## Description of the task
The listing is to be transcribed in full, with its images left out.
Information shown Start Marker
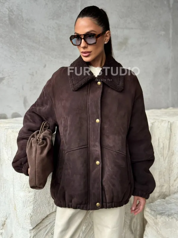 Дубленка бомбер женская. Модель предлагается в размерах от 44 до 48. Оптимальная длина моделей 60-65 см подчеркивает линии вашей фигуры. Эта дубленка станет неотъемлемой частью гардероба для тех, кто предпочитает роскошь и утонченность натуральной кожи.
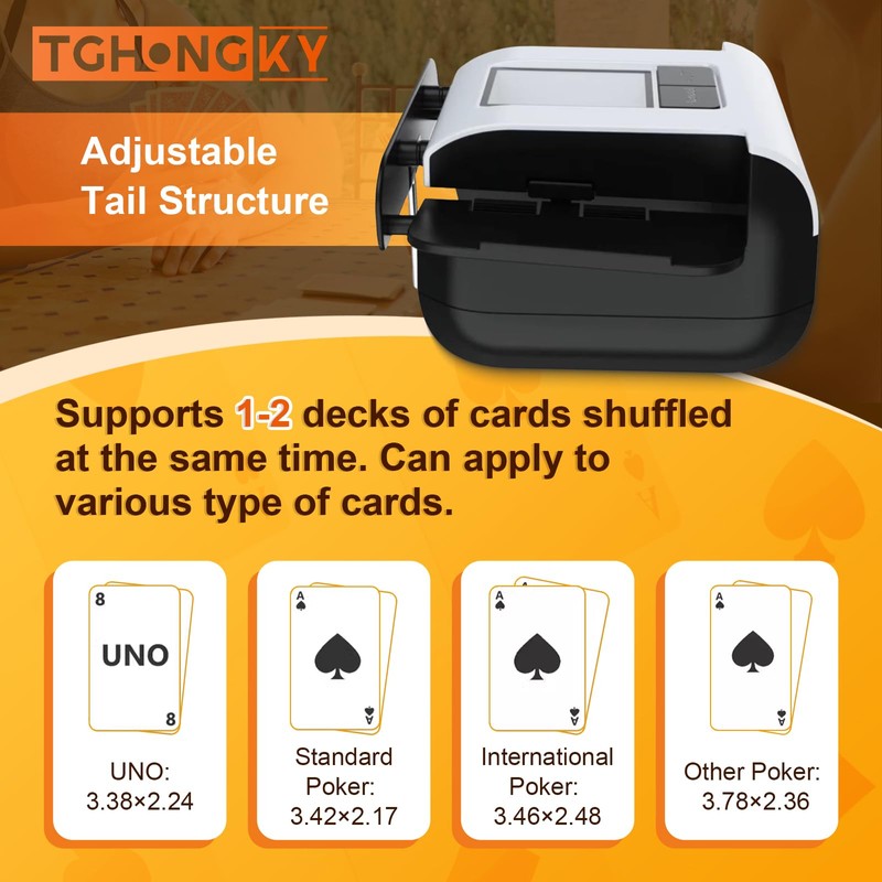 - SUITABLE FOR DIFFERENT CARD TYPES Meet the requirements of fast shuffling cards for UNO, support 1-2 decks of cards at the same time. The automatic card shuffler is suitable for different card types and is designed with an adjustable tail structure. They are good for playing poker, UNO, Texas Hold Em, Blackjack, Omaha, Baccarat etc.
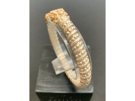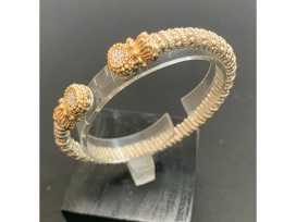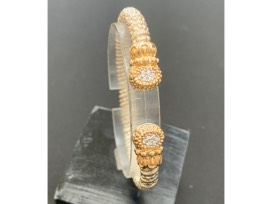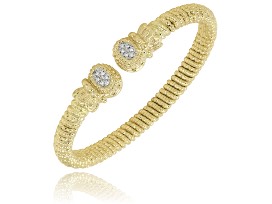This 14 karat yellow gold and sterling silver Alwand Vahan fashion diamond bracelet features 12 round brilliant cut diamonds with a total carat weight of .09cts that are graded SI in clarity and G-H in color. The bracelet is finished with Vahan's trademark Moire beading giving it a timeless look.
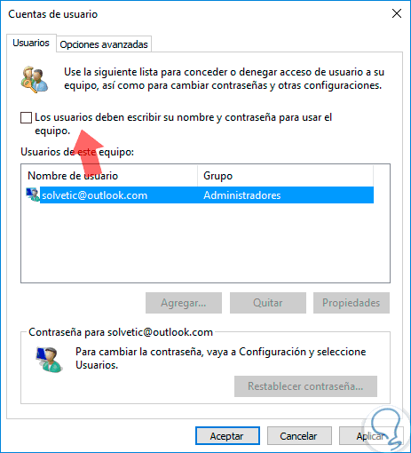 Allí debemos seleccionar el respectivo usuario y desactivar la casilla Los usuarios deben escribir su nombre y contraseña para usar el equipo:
Information shown End Marker
## Answer to the exercise
 Дубленка бомбер женская. Модель предлагается в размерах от 44 до 48. Оптимальная длина моделей 60-65 см подчеркивает линии вашей фигуры. Эта дубленка станет неотъемлемой частью гардероба для тех, кто предпочитает роскошь и утонченность натуральной кожи.
 - SUITABLE FOR DIFFERENT CARD TYPES Meet the requirements of fast shuffling cards for UNO, support 1-2 decks of cards at the same time. The automatic card shuffler is suitable for different card types and is designed with an adjustable tail structure. They are good for playing poker, UNO, Texas Hold Em, Blackjack, Omaha, Baccarat etc.
This 14 karat yellow gold and sterling silver Alwand Vahan fashion diamond bracelet features 12 round brilliant cut diamonds with a total carat weight of .09cts that are graded SI in clarity and G-H in color. The bracelet is finished with Vahan's trademark Moire beading giving it a timeless look.
 Allí debemos seleccionar el respectivo usuario y desactivar la casilla Los usuarios deben escribir su nombre y contraseña para usar el equipo:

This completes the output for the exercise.